Sepanjang tahun 1994, Ia sukses mempertahankan Gelar Juara Kelas Minimum Indonesia sebanyak empat kali. Setahun kemudian di usia 29 tahun ia kembali mendapat kesempatan merebut gelar juara di level internasional.
Ia dihadapkan dengan petinju Thailand Surachai Saengmorakot untuk memperebutkan Gelar Juara Kelas Minimum Oriental and Pacific Boxing Federation (OPBF) yang lowong. Ia berhasil merebut gelar tersebut dengan kemenangan angka. Dalam rentang waktu dua tahun (1995-1997), Ia sukses mempertahankan Gelar Juara Kelas Minimum OPBF sebanyak dua kali.
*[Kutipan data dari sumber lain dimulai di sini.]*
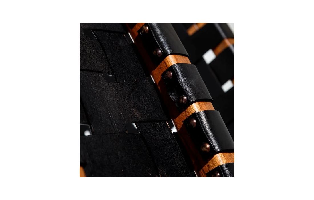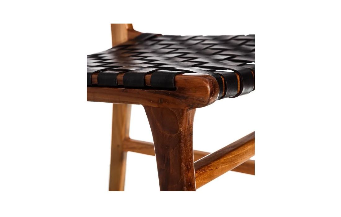 Cadeira com estrutura em madeira de teka e couro na cor preto.Destinatário :
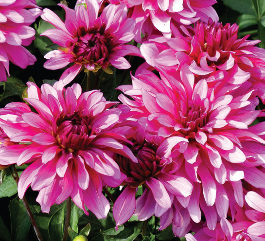 Cute, compact and loaded with flowers; dark purple centers with lighter fuschia-lilac petals; dark green leaves; 12″-18″.

Pertarungan ketiga Nico Thomas dalam upayanya mempertahankan gelar, diadakan di Tokyo, Jepang, 22 Februari 1998. Pertarungan dijadwalkan berlangsung selama 12 ronde memperebutkan Gelar Kelas Minimum OPBF melawan Wolf Tokimitsu dari Jepang. Pertandingan berakhir sampai bunyi bel ronde terakhir berbunyi, hasilnya Nico Thomas dinyatakan kalah angka sehingga ia kehilangan gelarnya.
Setelah kekalahan tersebut, dalam rentang waktu satu tahun (1998-1999), Ia sukses menjalani delapan pertandingan dengan kemenangan beruntun. Prestasi tersebut menghantarkan Nico Thomas di usia 33 tahun mencoba menantang juara di level internasional lagi.
Ia menantang Juara WBC International Minimum, Juanito Rubillar dari Filipina. Kembali ia mengalami kekalahan dalam upayanya merebut gelar juara di level internasional. Ia mengalami kekalahan TKO di ronde keenam dalam pertarungan yang direncanakan 12 ronde di Agana, Guam.
Setahun kemudian, 4 Juli 2000, Nico Thomas di usia 34 tahun mencoba menantang Juara Nasional Kelas Terbang Ringan, Muhammad Rachman. Kembali ia mengalami kekalahan dalam upayanya merebut gelar juara. Ia mengalami kekalahan TKO di ronde pertama dalam pertarungan yang direncanakan 12 ronde di Surabaya. Kekalahan tersebut membuat karier Nico Thomas meredup.
Dua tahun kemudian tepatnya tanggal 1 Agustus tahun 2002, Nico Thomas di usia yang sudah tidak muda lagi 36 tahun, kembali naik ring. Ia masih berupaya menambah koleksi gelarnya di level internasional.
Nico Thomas menantang Juara Pan Asian Boxing Association, Somporn Seeta dari Thailand di Samut Prakan, Thailand. Pertarungan yang dijadwalkan berlangsung selama 12 ronde tersebut dimenangkan oleh Somporn Seeta dengan KO di ronde pertama. Empat tahun kemudian, di usia 40 tahun, Nico Thomas mengundurkan diri.